The hospital performs more than 70% of lumpectomies and modified radical mastectomies (excluding breast reconstruction) as outpatient procedures. The center does 300 mastectomies per year.
Nearly all of the Breast Center’s patients are insured either by private health plans or Medicare, Shockney says. Seven percent of patients are self-pay. So far, payers have avoided raising a point concerning the site of service, Shockney adds.
What they are doing is keeping track of hospitals in the Baltimore area that have high outpatient rates. Shockney hopes the hospital’s strong outpatient volume and good outcomes will lead to more favorable contracts for the Breast Center.
And administrators expect the proportion of outpatient to inpatient procedures to increase, according to Shockney. The reason for the growth in demand, physicians say, is the development of a way to reduce post-surgical pain and discomfort.
Severe nausea, vomiting, and pain are common following mastectomies. They’ve been the main reason for most hospital stays, says Shockney, a three-time breast surgery patient.
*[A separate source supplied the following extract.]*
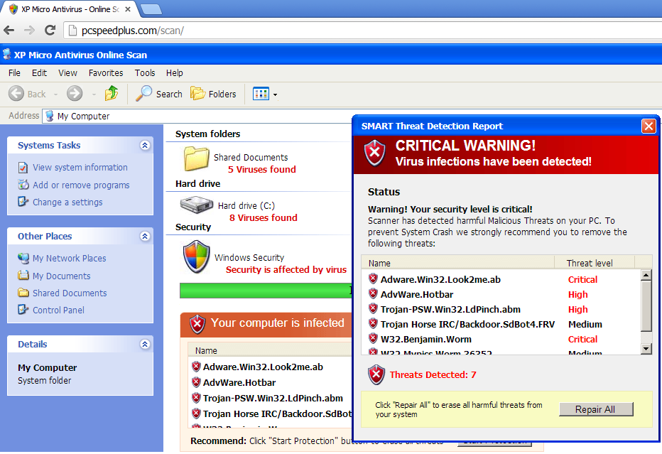 | "Virus infections have been detected!" - XP Micro Antivirus |

By using a process combining milder doses of anesthesia and shorter operating time, physicians have been able to reduce the nausea, vomiting, and pain. Administering Tylox and Decadron for pain and inflammation and cancer drugs such as Zofran has helped patients recover faster.
Despite the controversy, Shockney hopes that similar advancements in outpatient breast surgery will result in higher coverage by HMOs. "We’re really the odd ducks in all this. We do think that outpatient mastectomies are right for most patients," Shockney says.